Эту невозмутимость Григорьев обосновал двумя вероятными причинами. Первое. Андрей железно считает Фалолеева покойником, поскольку Кент о своих «мясниковских» результатах перед ним отчитался. А то, что на самом деле Фалолеев хоть не здоров, но всё-таки жив, есть следствие непредвиденных обстоятельств, которые что от Кента, что от Андрея остались скрыты. Тогда отговорка Андрея про «дело прошлое» очень к месту.
При варианте номер «раз» от Григорьева требовалась тонкая ориентация Андрея на окончательное сведение счётов с врагом. Во втором случае миссия возбудить старые претензии полностью летела в тартарары: таковых к Фалолееву у Андрея больше нет, а ради третьесортного знакомого кто из нормальных людей будет искать себе проблемы с милицией?

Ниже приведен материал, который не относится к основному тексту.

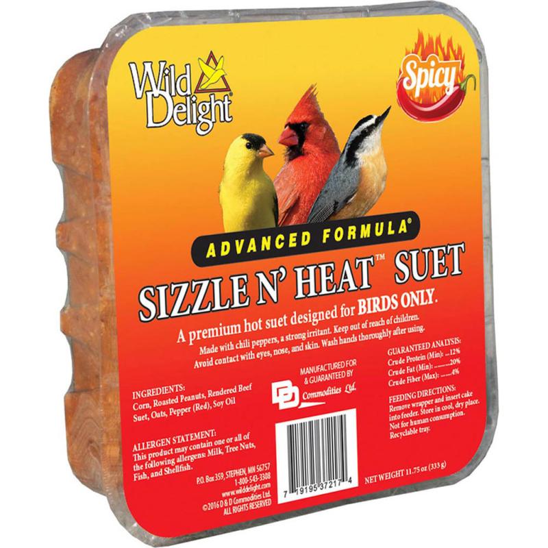 | A premium hot suet designed for BIRDS ONLY. Industry studies show that squirrels frustrate both wild birds and wild bird enthusiasts by eating suet intended for the birds. By offering Sizzle N' Heat Suet, you can deter the neighborhood squirrels from taking over your backyard feeder. | |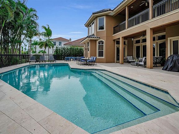 Modern Tuscan revival architecture and thoughtful innovation converge in this exceptional Mediterranean style Luxury custom-built Two story residence in Bayou Club Estates, where openness, comfort, and quiet sophistication define every space. Meticulously designed and exquisitely finished, the home reveals superior craftsmanship from the moment you step inside. At its heart is a sun-filled, two-story living area framed by a dramatic wall of windows, Tuscan style columns all overlooking the paver terrace and resort-style pool, custom built in 2022. The expansive outdoor environment is designed for effortless enjoyment: a sweeping paver deck ideal for entertaining, a shimmering, new-generation pool that invites relaxation, a putting green and a full-size built-in gas fire pit that sets the tone for memorable evenings under the stars. Just off the entry, an inviting dining room, enhanced by a custom built-in buffet, flows seamlessly into the living area. Adjoining the kitchen is a casual dining space ideal for everyday meals form a true culinary hub, featuring chef-grade appliances, custom cabinetry, a large center island, and quartz countertops. Adjacent to the kitchen is a spacious utility room offering abundant cabinetry, a full-size washer and dryer, and generous storage. This highly functional workspace transitions naturally into an inviting family room anchored by a gas fireplace with custom built-ins & huge mantle with a striking architectural window flooding the room with light, creating the perfect setting for both intimate meals and lively gatherings. The light-filled family room offers a year-round retreat with serene views of the gardens and pool. A split bedroom layout ensures privacy for all. The main level includes a spacious home office, a secondary ensuite bedroom, and a generous flex room—currently used as an exercise studio—with an adjacent full pool bath. Upstairs, the primary suite serves as a calming sanctuary, offering generous proportions, a spa-inspired ambiance, an expansive double walk-in closet and a private second story terrace overlooking the private backyard. A landing between the upper-level bedrooms provides a striking overlook to the lower level and opens to a private terrace with views of the front green space. Two additional bedrooms, connected by a Jack-and-Jill bath, and a dedicated study with integrated shelving complete the upper floor. Set on a large waterfront lot, the backyard is an oasis for everyday living and weekend recreation. A private dock allows for small-craft access to a peaceful waterway that meanders toward the Bay and the Gulf. The fully usable green space offers ample room to play, ideal for both pets and children. Practical luxuries and value added improvements include a new concrete, barrel tile roof, an oversized, split four-car garage, newer kitchen & baths and exceptional storage throughout. Perfectly positioned in the heart of the Largo/Seminole area, the Bayou Club community is comprised of 400 homes on just over 400 acres boasting that “Old Florida” feel and a Tom Fazio designed Golf Course offering an optional membership. This premier Country Club features 24 hour gated security and full-time security guard. Elegant, functional, and beautifully private, this home embodies the quintessential Bayou Club lifestyle!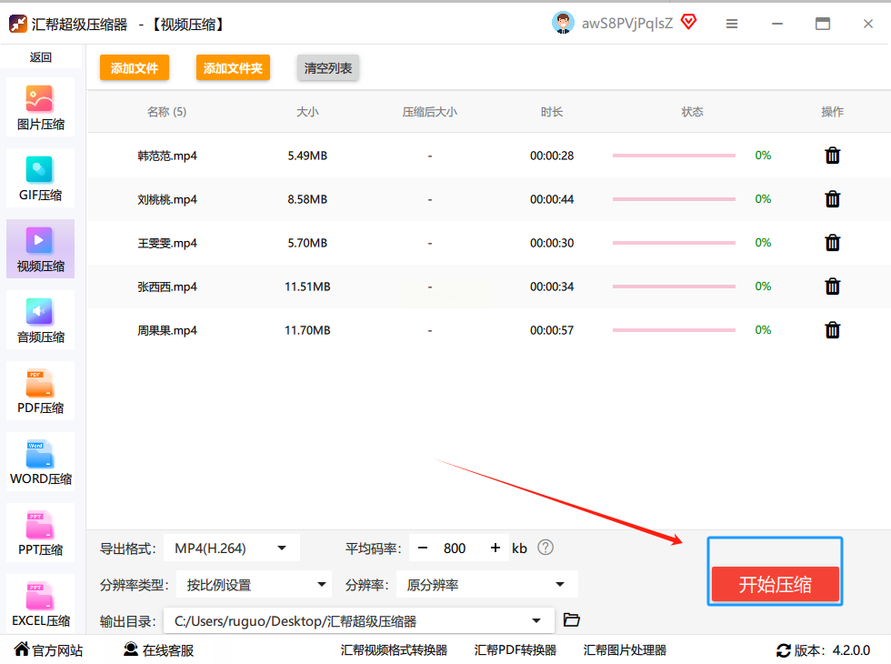 所有设置都调好了?检查一遍,没问题的话,就点击那个醒目的“开始压缩”按钮。这时候你会看到进度条在走,稍微等一会儿。压缩速度取决于视频数量和大小,一般几分钟就能搞定。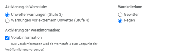 Mit der aktuellen Version 3.2.14 wurde diese Funktion erweitert, so dass Sie diese Indikatoren nun gemeindescharf einrichten können. Wie bei den Landkreiswarnungen können Sie auch hier entscheiden, über welche Warnstufen (Vorabinformation Unwetter, Unwetterwarnung, Warnung vor extremem Unwetter) und welches Warnkriterium (Gewitter oder Regen) Sie informiert werden möchten.

Но для любого дальнейшего шага из Андрея следовало вытянуть хоть какую-то определённую зацепку. А тот словно не понимал, о чём речь, отмахивался и улыбался своей прежней беззаботной улыбкой. Словом, тема Фалолеева угасала на корню, сам Григорьев от тонко выстроенной антифалолеевской обороны стушевался. Попивая кофе, он подумал, что с прямой наводкой, то есть предельно открытым разговором, сейчас, пожалуй, спешить не стоит; глядишь, Рита за день-два одумается сама, и всё наладится без крайних мер.
Про Фалолеева забыли, поговорили о делах сегодняшних — кто, как, чего? Григорьев рассказал о своём «Рафике», о мотаниях по кругу от вокзала до ТЭЦ и не таясь признался, что кормят его эти круги совсем неплохо, грех обижаться. Потом он с чисто практической целью полюбопытствовал у Андрея на предмет водочки — по каким технологиям в наши дни очищают сей блаженный напиток и с какого завода безопасней употреблять?
Бывшие сосед и как следует обсудили «палёную» водку, раскрутку брендов и даже осуждающе прошлись по пассажирам-хамам, которые, впрочем, портили жизнь исключительно Григорьеву. А в подтверждение того, что оба умеючи стоят на земле, подались на улицу хвастаться железными конями.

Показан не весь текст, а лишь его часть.